# Assignment:
Without any pictures, print the lines below from the one that has "Zo ontstond de" through the one that has "探界者的底盤受到雪佛蘭運(y", exactly and nothing else.

# Exercise data:
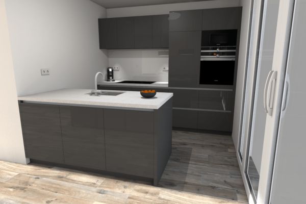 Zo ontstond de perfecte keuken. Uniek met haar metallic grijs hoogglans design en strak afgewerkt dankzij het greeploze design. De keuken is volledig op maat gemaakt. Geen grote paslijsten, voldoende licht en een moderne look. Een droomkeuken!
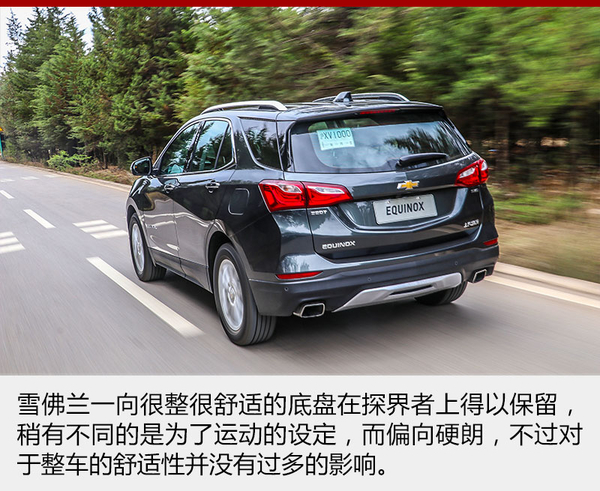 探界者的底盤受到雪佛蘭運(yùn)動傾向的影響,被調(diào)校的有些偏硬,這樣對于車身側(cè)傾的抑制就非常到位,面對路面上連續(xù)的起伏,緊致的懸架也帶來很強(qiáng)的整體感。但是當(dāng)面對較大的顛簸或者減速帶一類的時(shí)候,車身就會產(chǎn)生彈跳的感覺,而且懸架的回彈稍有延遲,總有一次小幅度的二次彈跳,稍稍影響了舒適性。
---
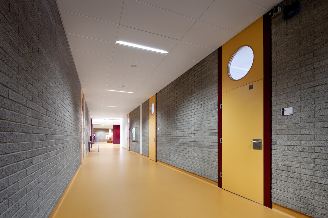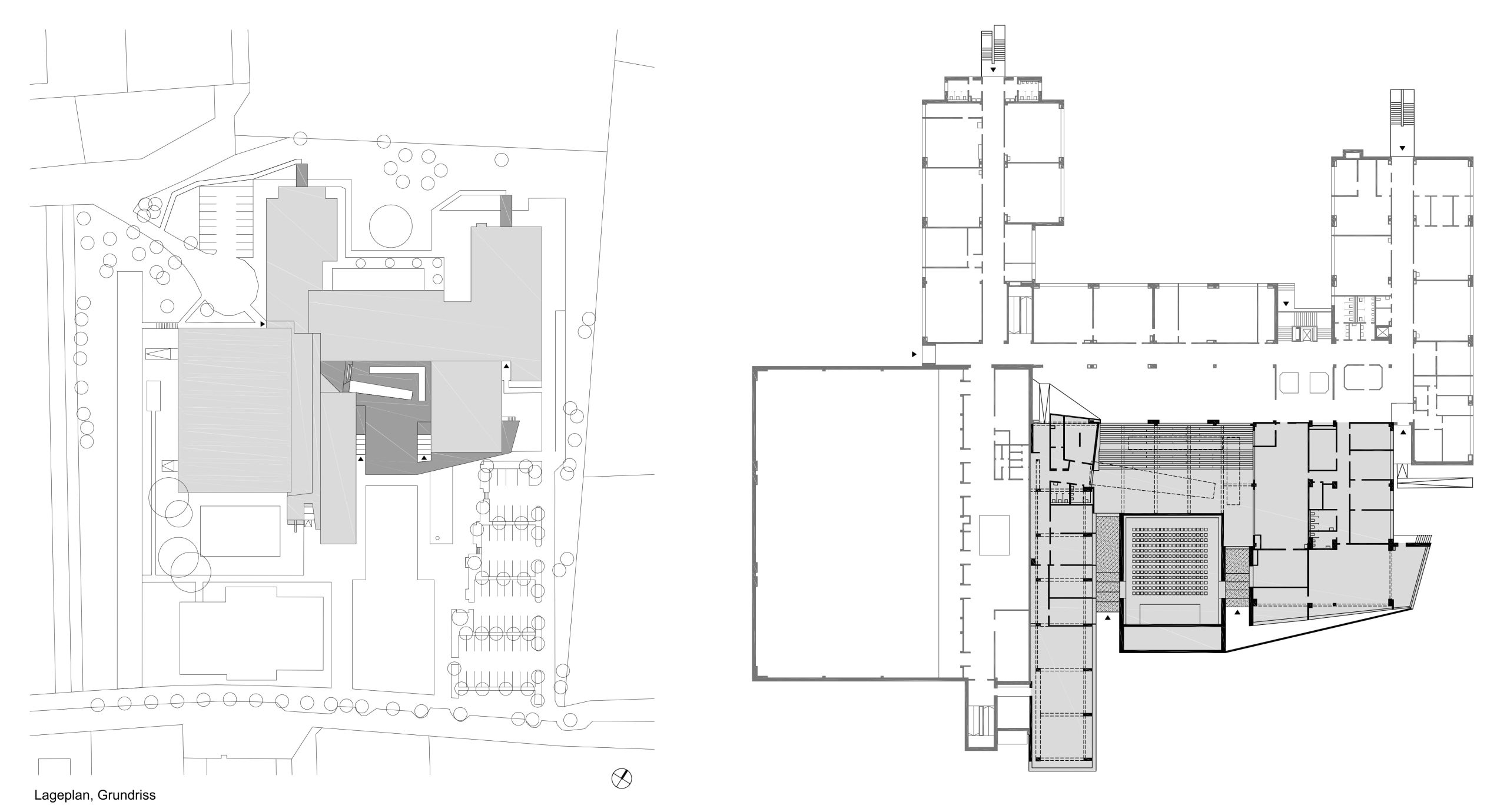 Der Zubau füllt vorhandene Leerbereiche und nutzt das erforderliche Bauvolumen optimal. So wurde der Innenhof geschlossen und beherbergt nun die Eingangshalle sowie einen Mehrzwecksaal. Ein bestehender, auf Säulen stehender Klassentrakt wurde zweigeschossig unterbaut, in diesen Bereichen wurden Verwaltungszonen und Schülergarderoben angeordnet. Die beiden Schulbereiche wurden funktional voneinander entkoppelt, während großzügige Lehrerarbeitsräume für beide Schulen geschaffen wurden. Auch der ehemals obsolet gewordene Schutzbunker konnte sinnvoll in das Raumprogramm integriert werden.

# Expected output:
 Zo ontstond de perfecte keuken. Uniek met haar metallic grijs hoogglans design en strak afgewerkt dankzij het greeploze design. De keuken is volledig op maat gemaakt. Geen grote paslijsten, voldoende licht en een moderne look. Een droomkeuken!
 探界者的底盤受到雪佛蘭運(yùn)動傾向的影響,被調(diào)校的有些偏硬,這樣對于車身側(cè)傾的抑制就非常到位,面對路面上連續(xù)的起伏,緊致的懸架也帶來很強(qiáng)的整體感。但是當(dāng)面對較大的顛簸或者減速帶一類的時(shí)候,車身就會產(chǎn)生彈跳的感覺,而且懸架的回彈稍有延遲,總有一次小幅度的二次彈跳,稍稍影響了舒適性。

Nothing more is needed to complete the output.